E non poteva essere altrimenti, perché la causa del fallimento è stata insita nella natura stessa di quel tipo di progresso. Sostituendo infatti esso, capacità umane con sostituti meccanici, ed essendo questi ultimi fabbricabili e acquistabili solo con quantità ingenti di denaro, il progresso tecnologico fu, come è
ben noto, padre del capitalismo, che a sua volta assecondò al massimo il primo. Il capitalismo tende inevitabilmente a trasformarsi in plutocrazia, e cioè il potere economico a divenire potere politico. E le autentiche capacità umane, atrofizzandosi per difetto di esercizio, sono sempre meno in grado di opporvisi.
Non occorre aggiungere verbo ai tanti già detti e scritti, da noi e da altri migliori di noi, anc

he su queste colonne, per illustrare le turpi conseguenze di ogni genere che la plutocrazia egemone ha apportato all’Italia e al mondo. Esse sono tali e così palesi, che i popoli stessi dovrebbero sollevarsi e far giustizia dei plutocrati e dei loro scherani che succhiano il loro sangue.
Ma ciò è impossibile. Era ancora possibile, in casi estremi, un secolo addietro; ora non lo è più. I popoli sono stati posti nell’impossibilità di difendersi. E che cosa determina tale impotenza? La risposta è orribile: proprio la tecnologia!
Nata nell’illusione di giovare, la tecnologia si è infatti trasformata nel più tremendo nemico dell’umanità, nella maggiore alleata dei suoi distruttori, sotto due principali aspetti:
Intanto, la naturale capacità delle persone di comunicare tra loro, sancita dalla natura, era quella giusta. Aumentandola a dismisura, fino all’attuale generalizzazione delle comunicazioni via etere, è diventata la possibilità, per i soliti plutocrati, di compiere, per i propri squallidi fini, il lavaggio del cervello di massa, privando i popoli persino del rozzo buon senso e dell’esperienza che poteva guidarli.
E poi, la tecnologia delle armi distruttive, che, da semplici “prolungamenti” del braccio del guerriero, accessori della forza e del valore di esso, le ha trasformate in calamità orrende, capaci di distruggere la terra, ma azionabili da qualsiasi lardoso vigliacco, ha concesso agli stessi controllori del denaro la licenza di consumare i soprusi internazionali più infami e smaccati, ridendosela delle ridicole “regole” da loro stessi fatte approvare per paralizzare i ribelli.
Tali armi – si è osservato – non possono però essere usate all’interno, contro le proprie stesse folle. Macché!

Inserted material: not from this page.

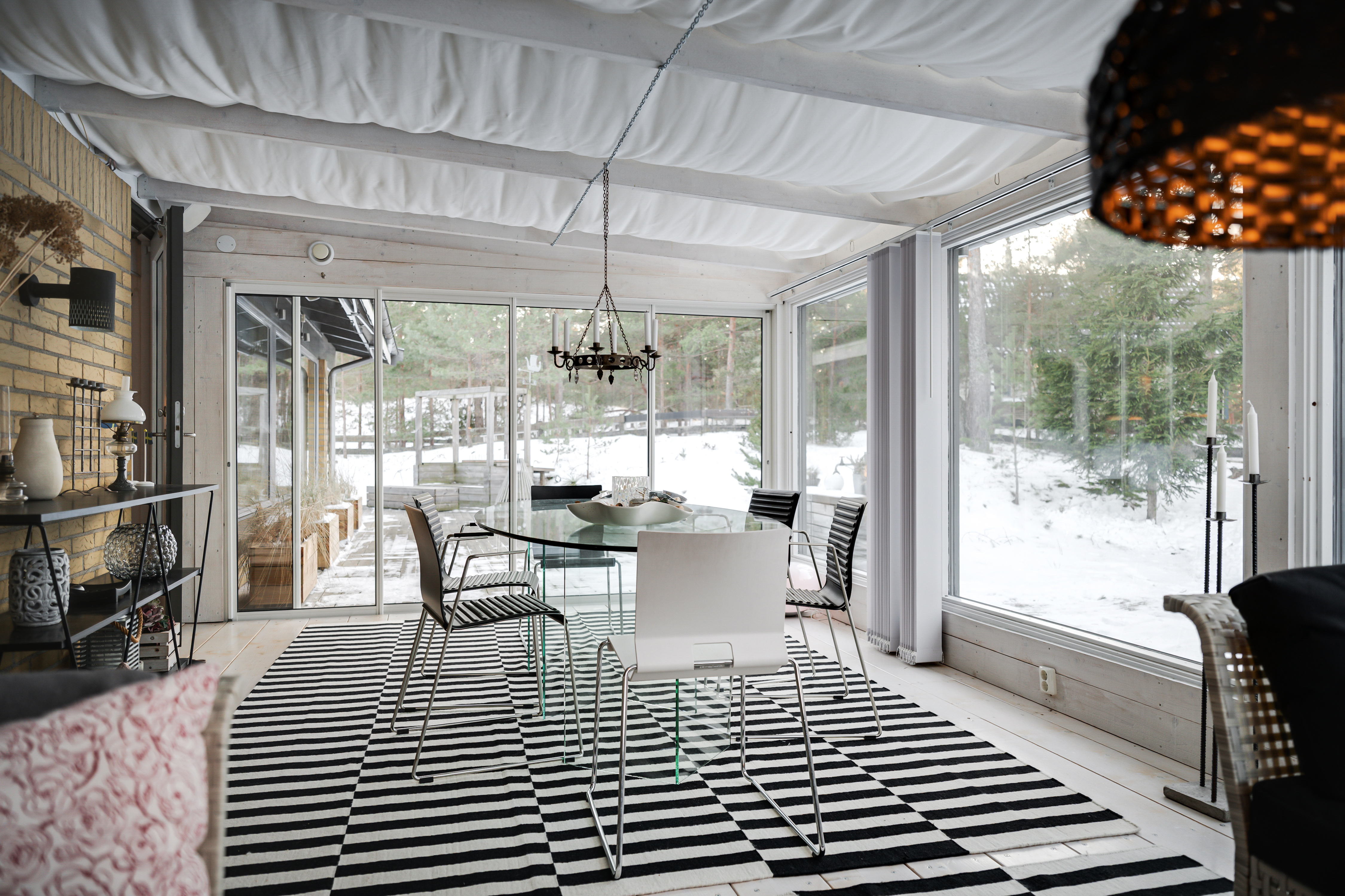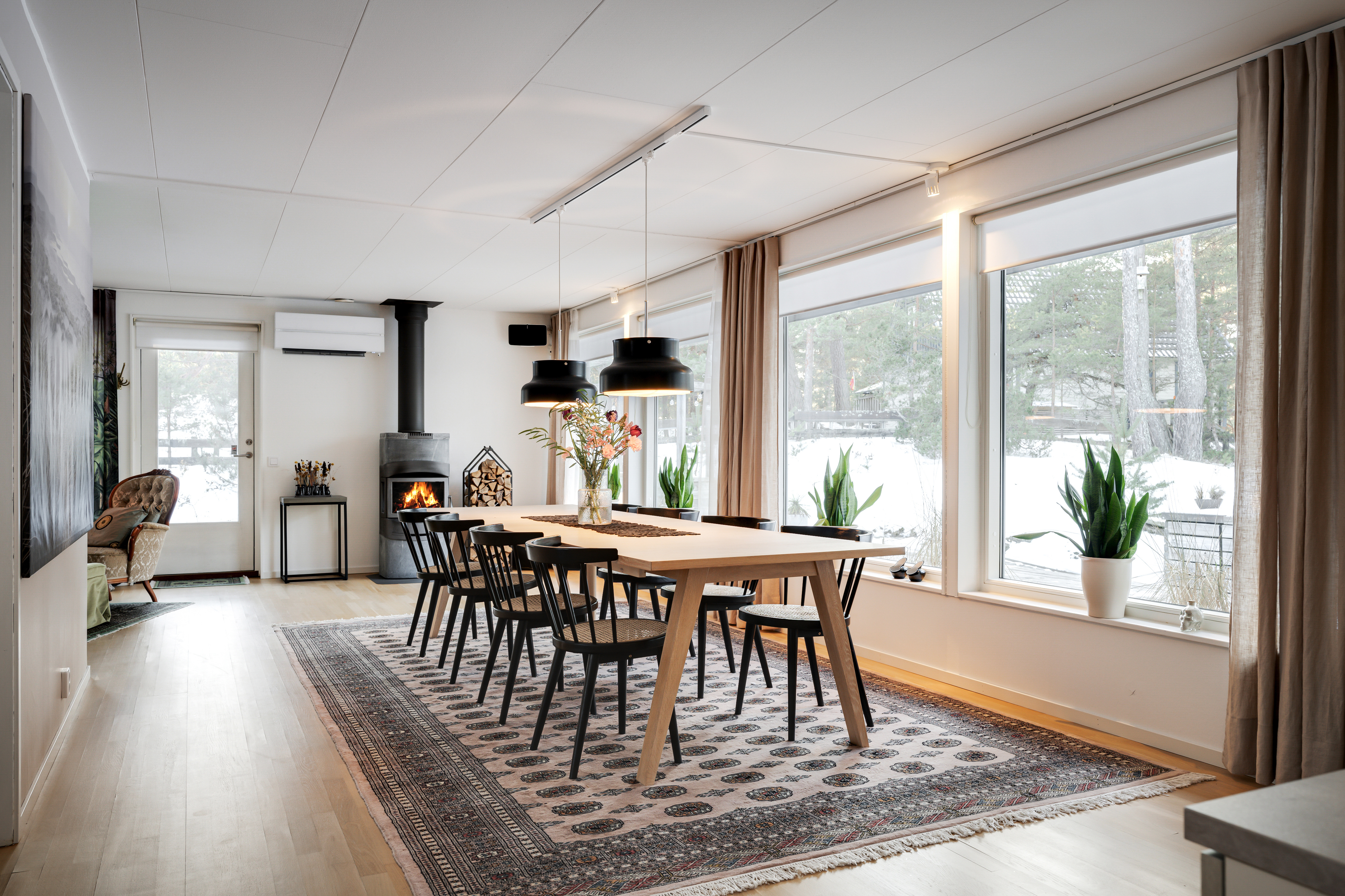 Matrum med braskamin och utgång till uterum och altan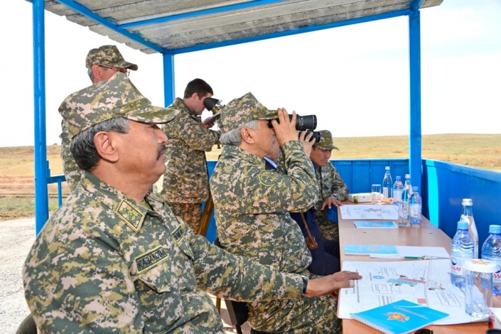 Министр обороны РК Имангали Тасмагамбетов присутствовал на специальных учениях "Жәрдем-2016", которые проходят на полигоне Сарышаган, сообщает Tengrinews.kz со ссылкой на пресс-службу ведомства.

Il “progresso tecnologico” ha provveduto anche a quello, la gente comune non sa neppure a che punto. Le cosiddette “armi non letali”, sviluppate soprattutto dalla ricerca e dall’industria Usa non hanno alcuna finalità umanitaria: la finalità è di servire anche “per uso interno”. Si va dalla pistola elettrica (taser) alle super-colle lanciate ad aria complessa, che solidificano in pochi secondi bloccando ogni movimento della vittima. Esiste un VLAD (Vehicle Lichtweight Arresting Device) capace di bloccare a distanza ogni veicolo e un ADS (Active Denial System) che può bloccare col c.d. Pan Ray ,ogni persona. Con laser portatili si può accecare temporaneamente chiunque, e con ultrasuoni si è in grado di sconvolgere certe funzioni interne degli organismi. Con radiazioni elettromagnetiche si provoca epilessia, e con le basse frequenze si può agire sui cervelli, facendo loro produrre istamina, con immediato effetto letargico. Da tale incompleta enumerazione, si avrà facilmente idea che non vi è azione di folle, per quanto numerose, disperate ed arrabbiate, che non possa essere spenta senza alcuna fatica dalla casta padrona, che comanda a bacchetta legislatori, poliziotti e persino giudici. E gli studi di altre e più efficaci tecniche continuano a fervere, inutile a dire finanziate da chi. E’ davvero difficile (ed esorbita dai fini di questo articolo ), ipotizzare se e come sia possibile salvarci dal mostro impazzito del progresso tecnologico. Ma, certo, il primo passo non può essere che guarire i più consapevoli, e cioè quelli che, come noi, hanno sviluppato una vera allergia verso questo “mondo moderno”, da qualsiasi forma di progressismo.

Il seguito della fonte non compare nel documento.